23 de out de 2013

empatia

Bonito pensar que a gente consegue sentir alívio quando alguém que não está próximo sai de uma situação ruim. Mas é tão mais raro ter empatia com quem passa na rua ou por quem a gente não sente afinidade. É mesmo delicado quando me coloco pensando que se abrisse a literatura em romances, história ou poesia, sentiria com muito mais força que consigo ter compaixão de alguém que ali, é herói ou miserável e que independente de eu ter conhecido esse personagem e tê-lo fitado, passado momentos meus com ele, eu consigo sentir amor. Amor, ternura, envolvimento e um mar de projeções de sentimentos meus e de tudo enquanto for de mágoa que pode muito bem estar escondida debaixo do tapete do meu inconsciente...

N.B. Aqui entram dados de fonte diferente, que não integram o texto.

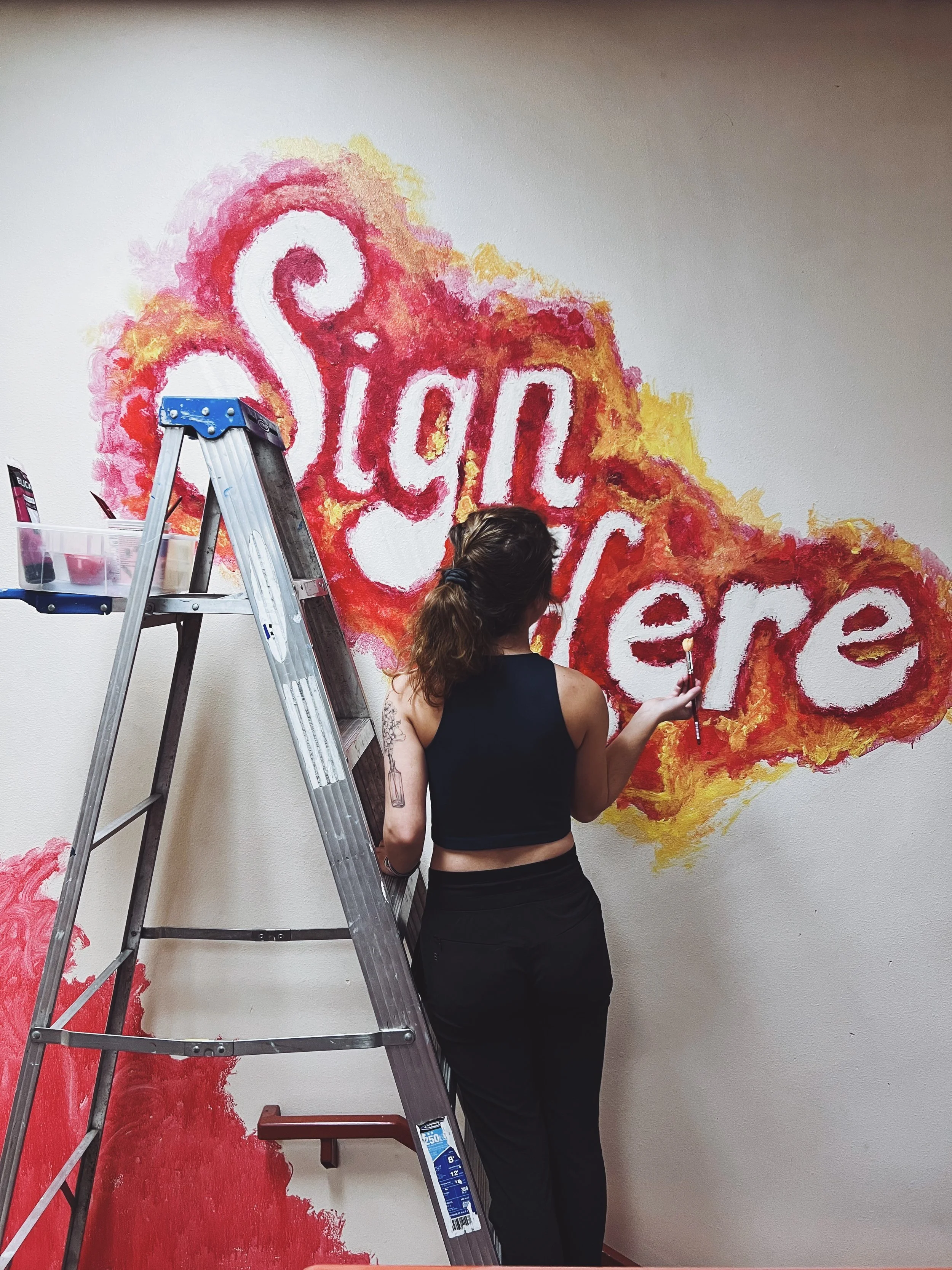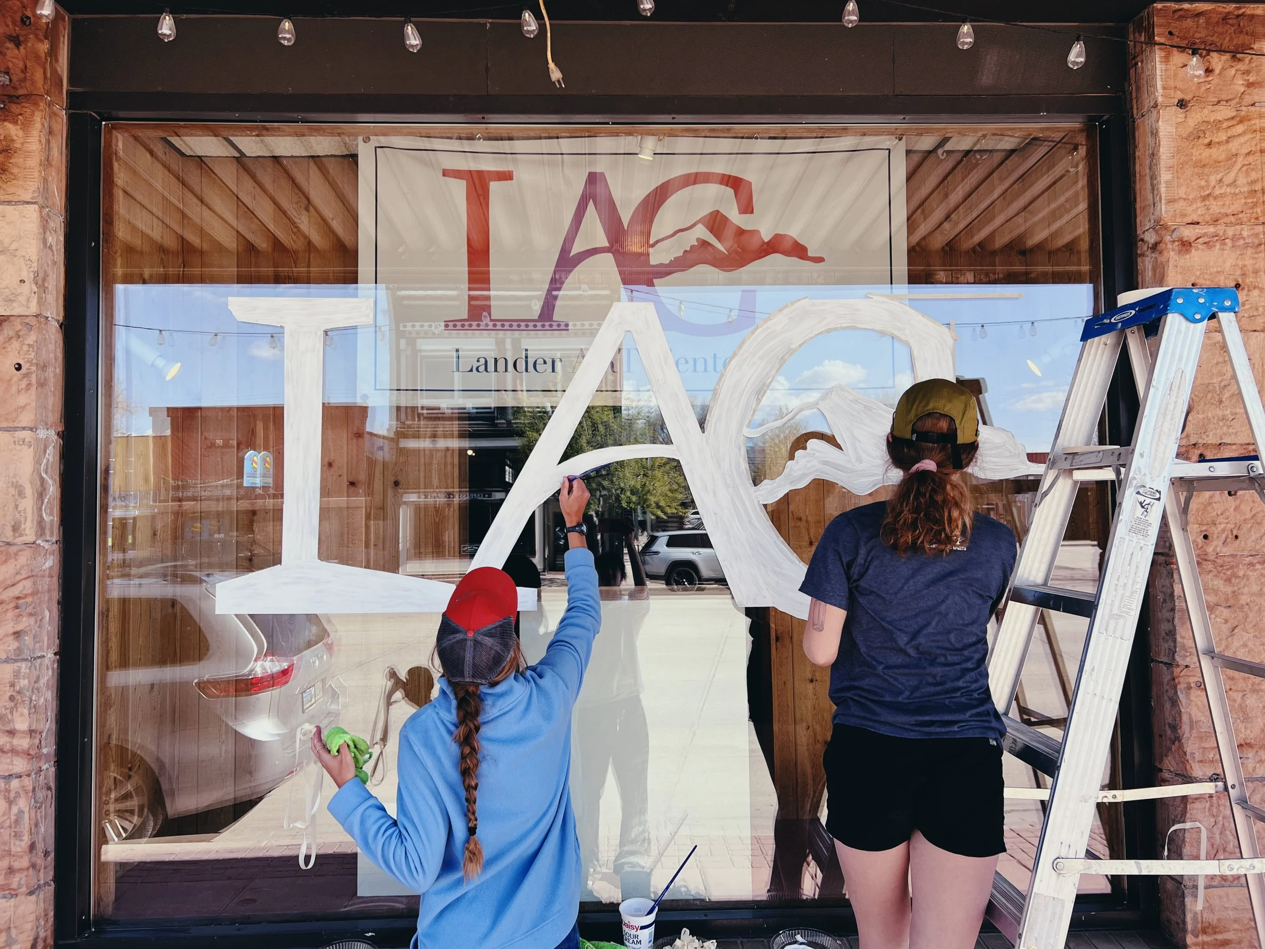 local artists and LAC volunteers Alice Stoff and Autumn Hnilicka keeping the LAC spaces fresh and fun!
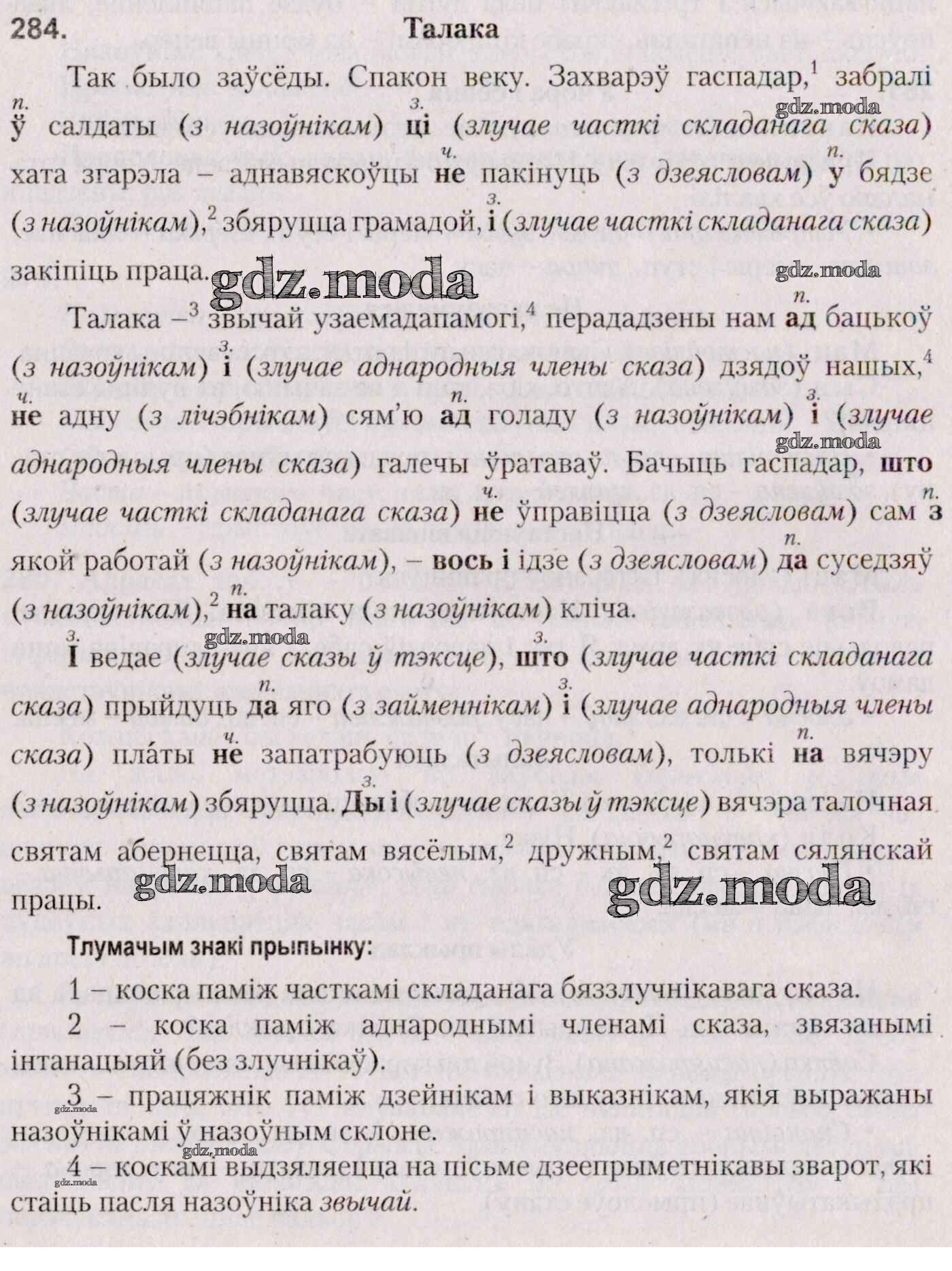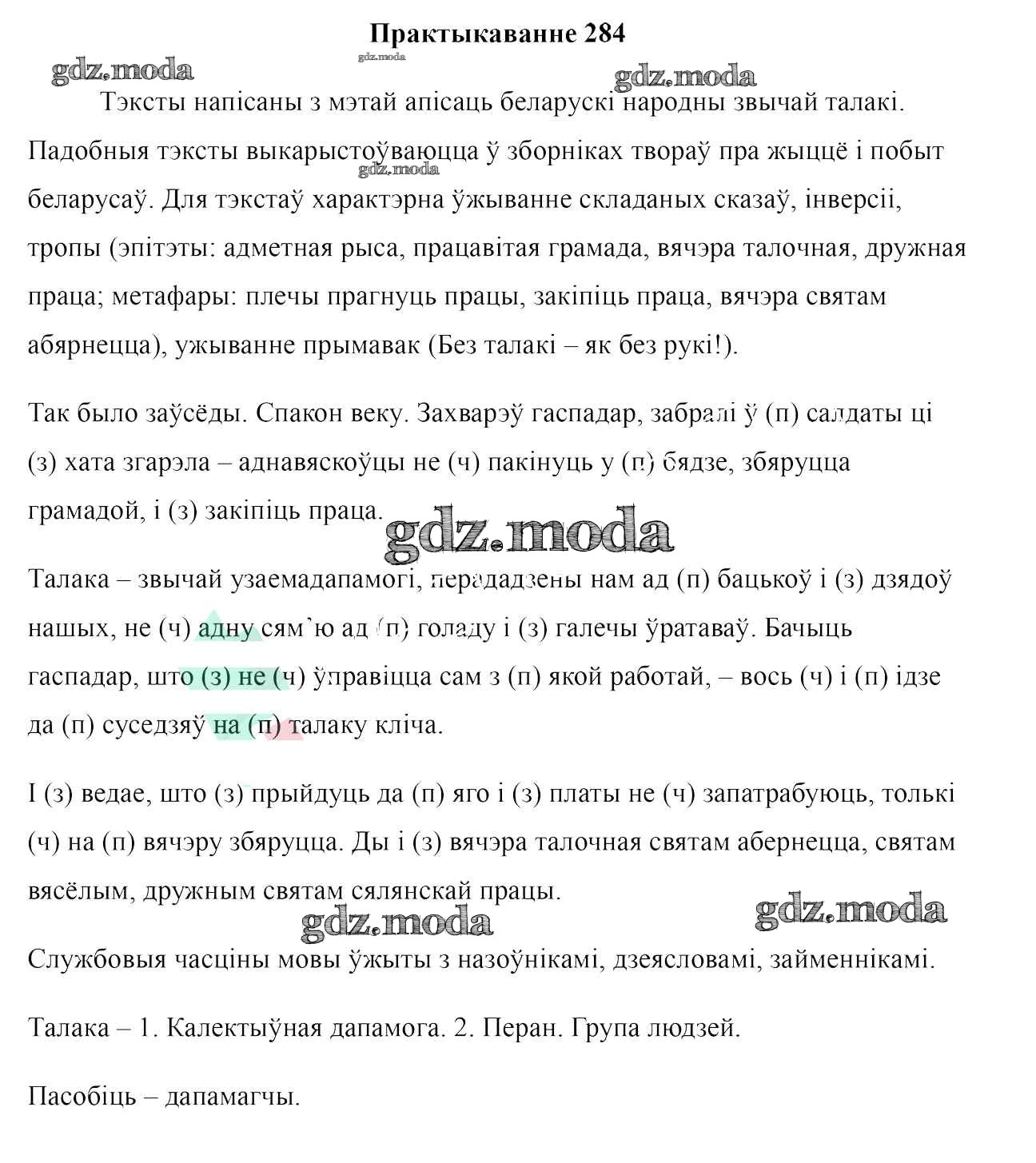 ГДЗ решение к заданию № 284 Белоруская мова 7 класс Валочка Г. М. Национальный институт образования 2020 ФГОС бесплатно на гдз.мода!
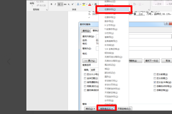六、然后,在窗口中点击“特殊格式”,选择“任意字符”。
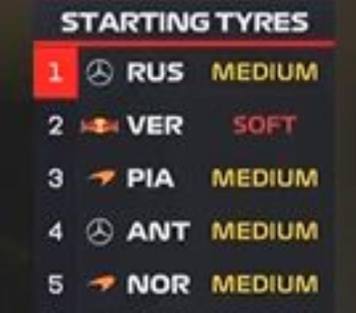 昨晚的排位赛无疑给全世界带来了惊喜!拉塞尔获得杆位,维斯塔潘紧随其后同样在头排发车,皮亚斯特里第三位起步,而排在第四的是同样来自梅奔车队的“小kimi”安东内利。而法拉利双雄于第6和第7位起步,在他们身前是麦克拉伦的诺里斯。
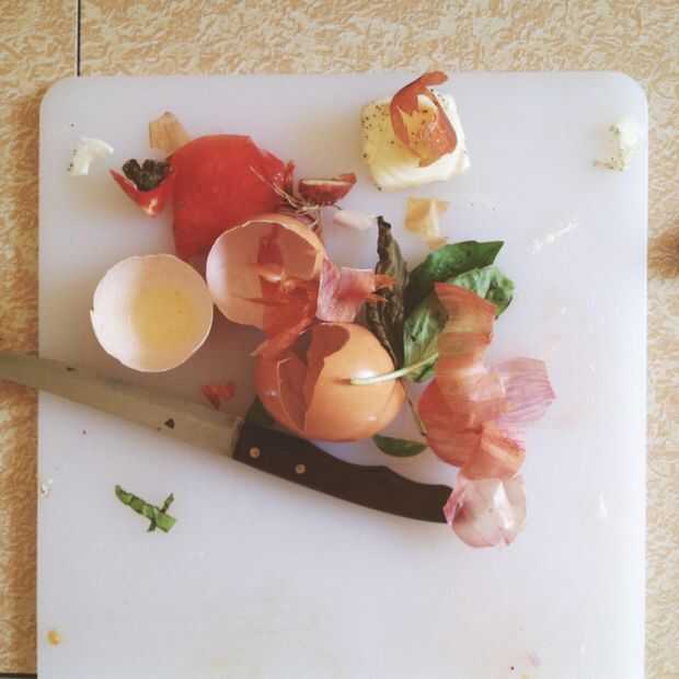 Me gusta usar el tiempo de cocción para hacer un poco de limpieza. Después de una buena comida lo último que quiero hacer es un fregadero lleno de platos. Esta receta utiliza platos mínimo así que limpiar no deberían tardar más de 10 minutos. Compost restos de su comida, limpiar el contador y lavar la tabla de cortar, tazón de fuente de huevo y cuchillo.

Mas e depois? E depois que vem a vida e eu deixo de ser leitora, que diferença faz o que eu sinto em relação a quem eu não tenho intimidade? Porque, ora, é tão mais fácil compreender um conto do que pessoas que vivem tão perto e tão longe de mim? O que impede que eu consiga abarcar a complexidade do que cada uma dessas pessoas sente? 

O que falta mesmo e conhecer e entender o terreno de onde vivemos primeiro, isto é, nossa mente, pra que sabendo dos nossos vícios antes de entender o alcance que podem ter nossas virtudes, a gente consiga valorizar com simplicidade o que os outros sentem também...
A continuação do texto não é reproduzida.